How Martyn Lloyd-Jones Helped Start the PCA
By the turn of the 20th Century, the greater part of the masses in the Western world had been stripped of any sense of biblical Christianity by the liberalism and pragmatism that had so infected the churches in England and North America. It is a sad fact that, in our day, those who attend so-called evangelical “churches”–spread out throughout the various parts of the Western world–have been subject to the effects of liberalism and pragmatism to such an extent that they do not know how to answer to the question, “What is the Church?”–let alone know how to the answer to the question, “What is the Gospel?”
In his 1969 lectures at the Pensacola Theological Institute of McIlwain Memorial Presbyterian Church, Martyn Lloyd-Jones set out to answer the question “What is the Church?”–insisting that in seeking to do so, the greater part of the masses of “church goers” arrive at inaccurate answers. Far too many, he asserted, are content to waste their lives sitting in the pews of churches that have utterly abandoned the Gospel.

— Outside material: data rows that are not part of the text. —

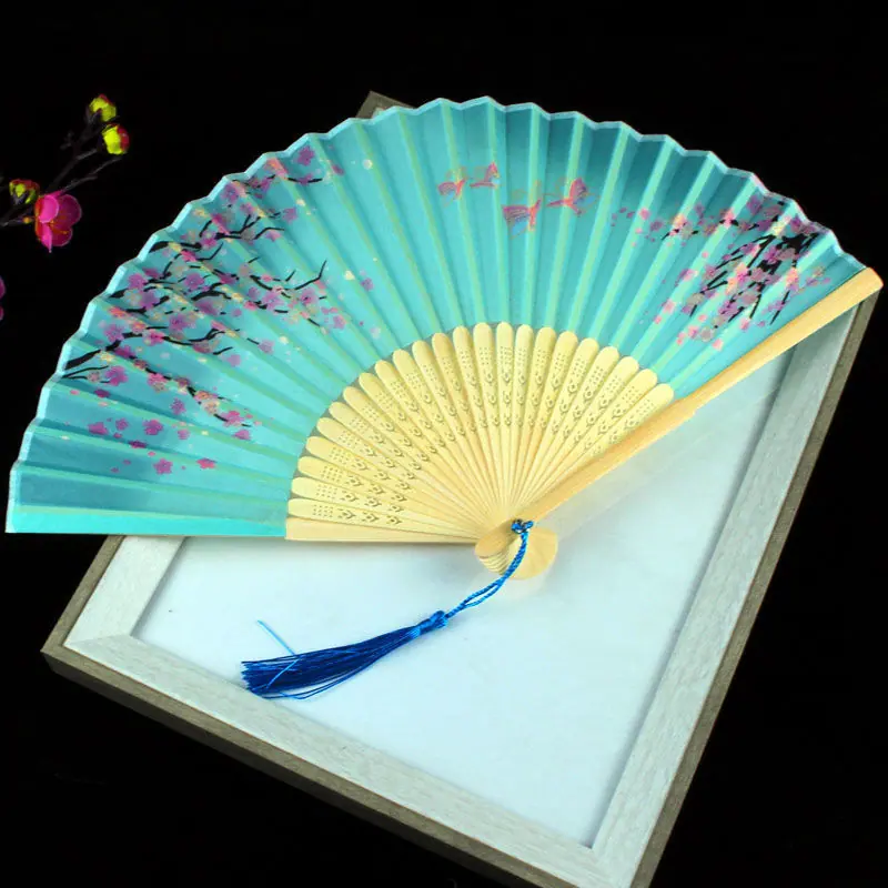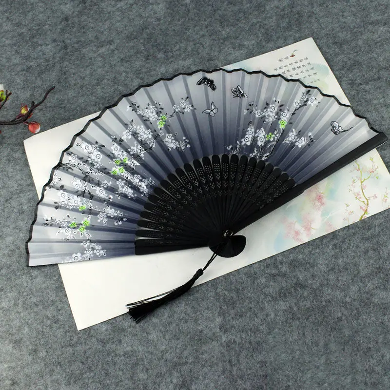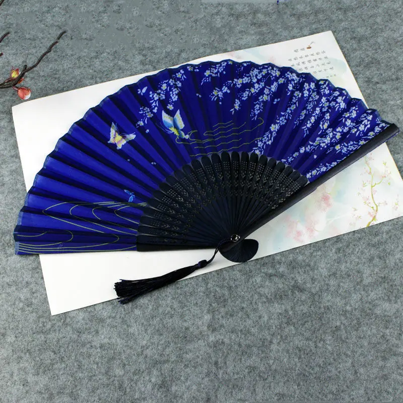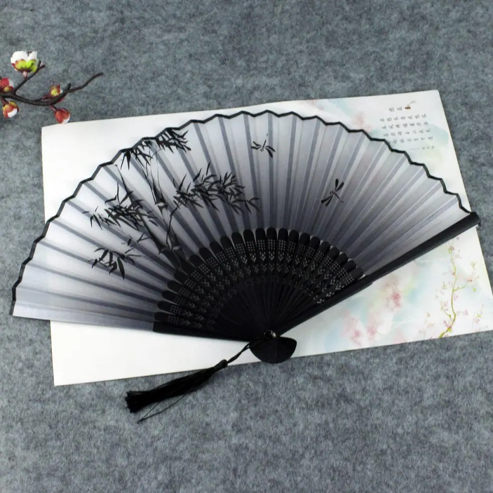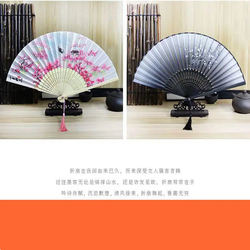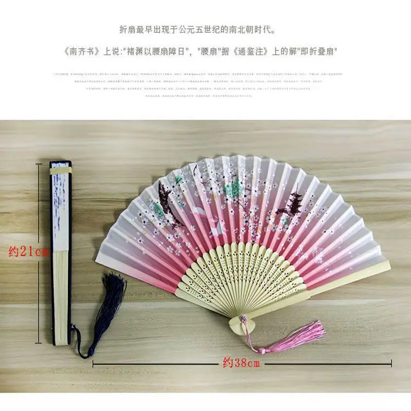 Abanico de danza Hanfu para estudiante de mujer de estilo chino, abanico plegable de verano para mujer, traje antiguo, pequeño abanico plegable retro de tela de estilo antiguo
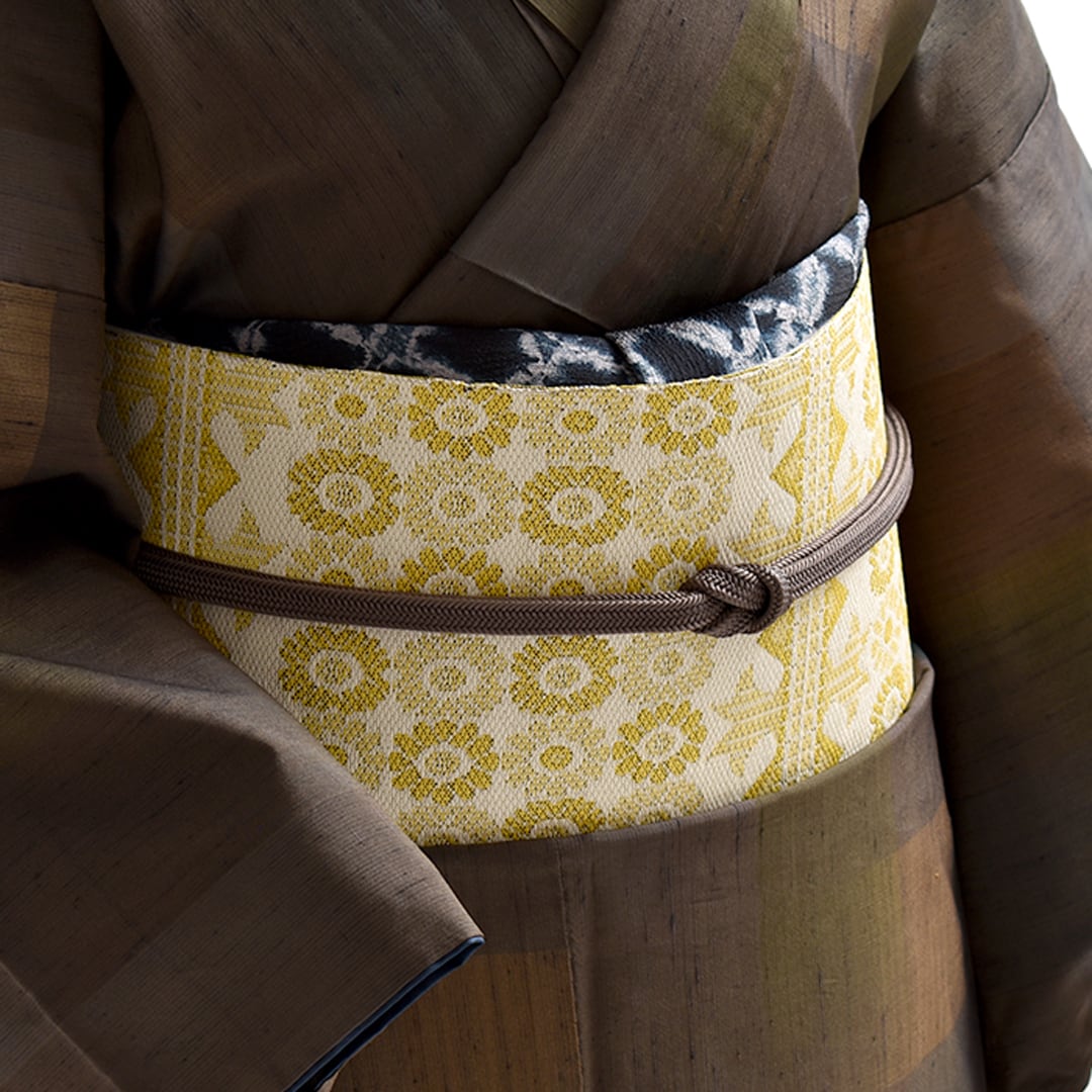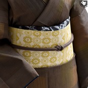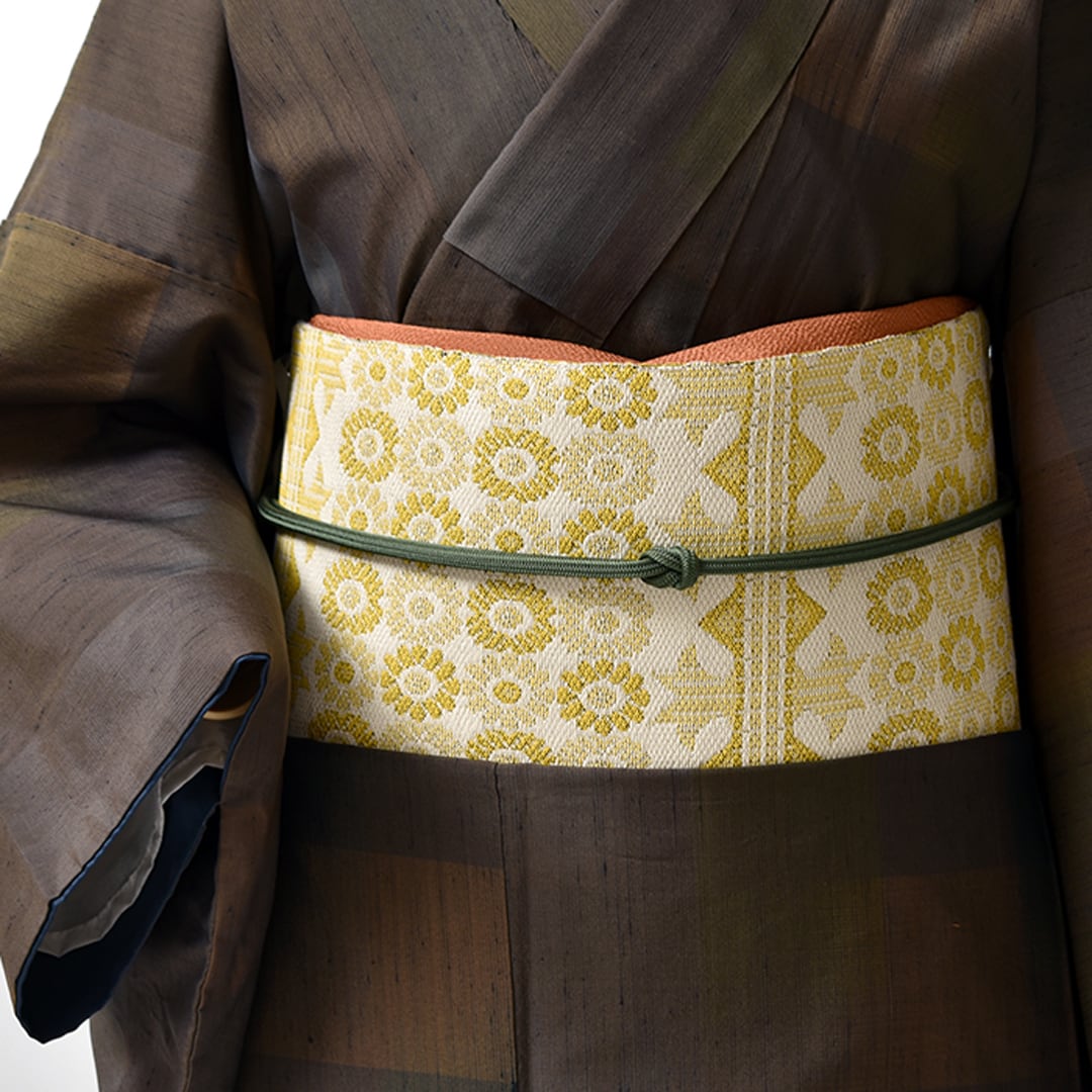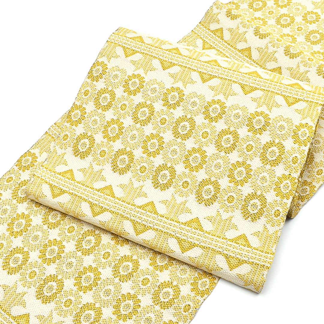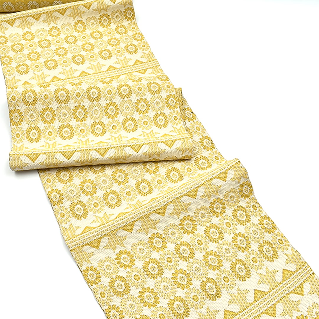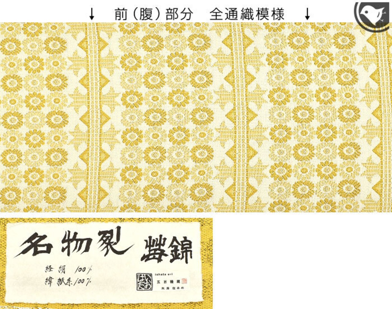 [名古屋帯]米沢 佐志め織物 謹製 五百機織 名物裂 苺錦 八寸帯 和紙 正絹 日本製(商品番号:21738)
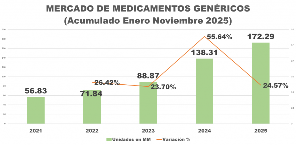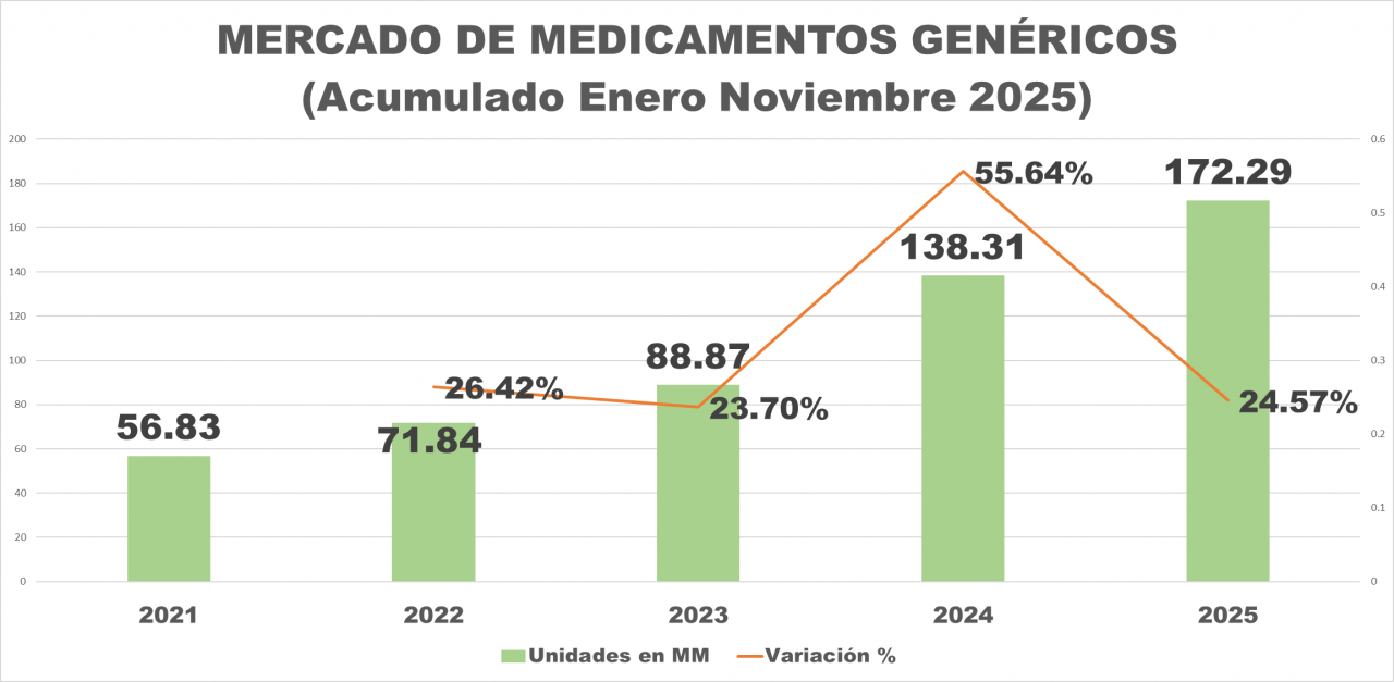 Entre enero y noviembre, el segmento de medicamentos genéricos registró un volumen de 172,2 millones de unidades comercializadas. El acumulado de los 11 meses del año muestra una variación en este segmento del 24,57% respecto al período anterior.
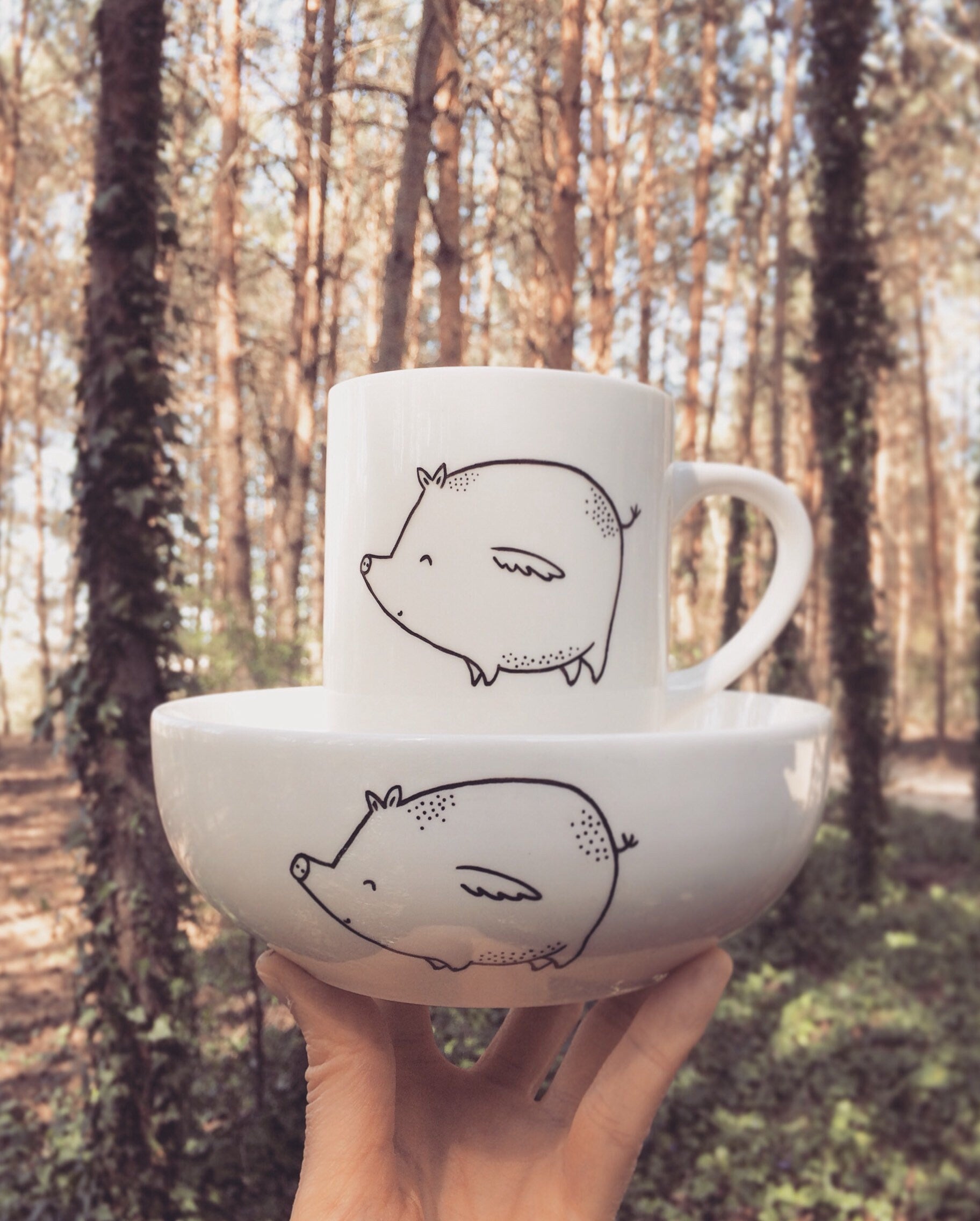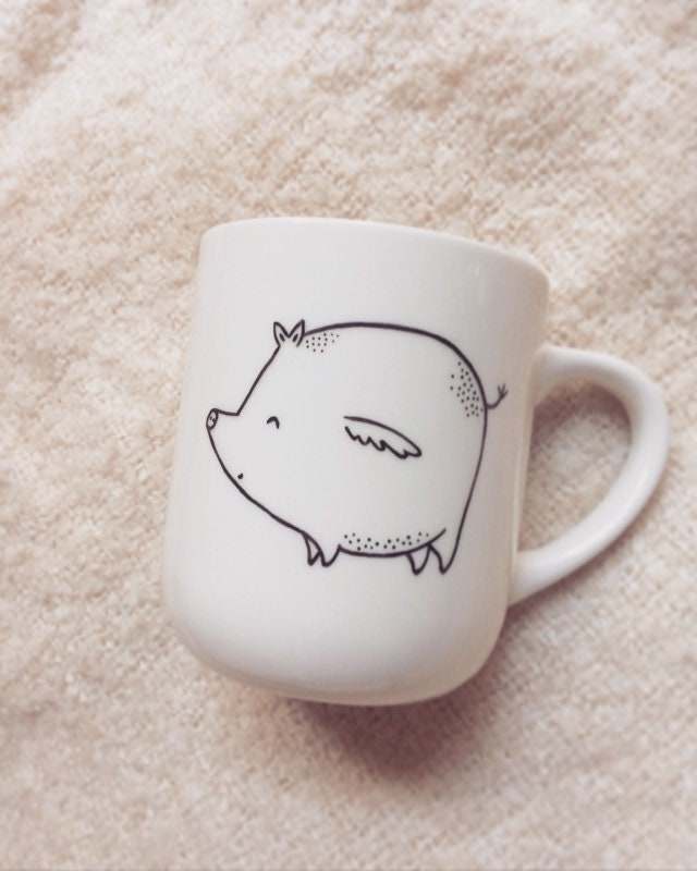 Please, treat your mug with care and try not to use any abrasive materials on surface - Mr. Piglet is a very pleasant animal but he doesn't like being provoked and can get a bit violent :) And please, bear in mind that each mug is hand-painted so each design will be slightly unique.
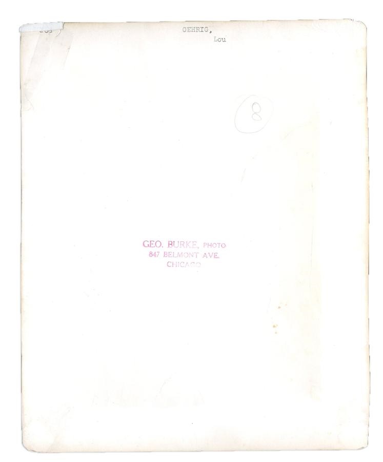 This great, 8x10" black and white photo of Yankee legend Lou Gehrig originated from the lens of George Burke. The glossy photo is very clear and from the 1930s, printed from the original negative with Burke's stamp on the verso along with a number "8" circled lightly in pencil. It has some creases and a tear (repaired with tape) at the upper right hand corner.
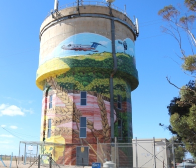 The salt lakes are such a feature of the area that even a water tower in Yorketown has had the street art treatment by artist Jasmine Crisp, and features amongst other local scenes, a pink lake.

Interestingly, Dr. James Baird–one of the founding members of the Presbyterian Church in America (PCA)–recounted that it was at those 1969 meetings that he and a number of men–having had their hearts stirred by the messages given–met with Lloyd-Jones after the lectures to discuss the state of the Mainline Presbyterian Church in America. As they walked on the beach, several of the founders of the PCA told the Doctor that they knew that they needed to leave the Old Mainline denomination and to start a new one, but that they feared that they would not have the resources to be able to do so. As the story goes, Lloyd-Jones told these men that they not only could leave and start a new denomination of churches that would be faithful to the Scriptures, true to the Reformed faith and obedient to the Great Commission, but that they must do so. In a sense, Lloyd-Jones’ zeal to see the purity of the church, the preservation of the truth of the Gospel and the glory of the name of the Savior was instrumental in the founding of the PCA. Here is what MLJ had to say in one of those 1969 lectures delivered at McIlwain Memorial Presbyterian Church:
The question is, how do we approach this doctrine of the nature of the church? And there are certain important negatives. One fatal method is just to start from where we are and to see what modifications or accommodations we can make in order somehow to arrive at a church. Now that is exactly what is being done by the ecumenical movement. It starts from the present position, and then it more or less asks the different sections of the church to make certain modifications, perhaps even compromises, in order to produce one great world church.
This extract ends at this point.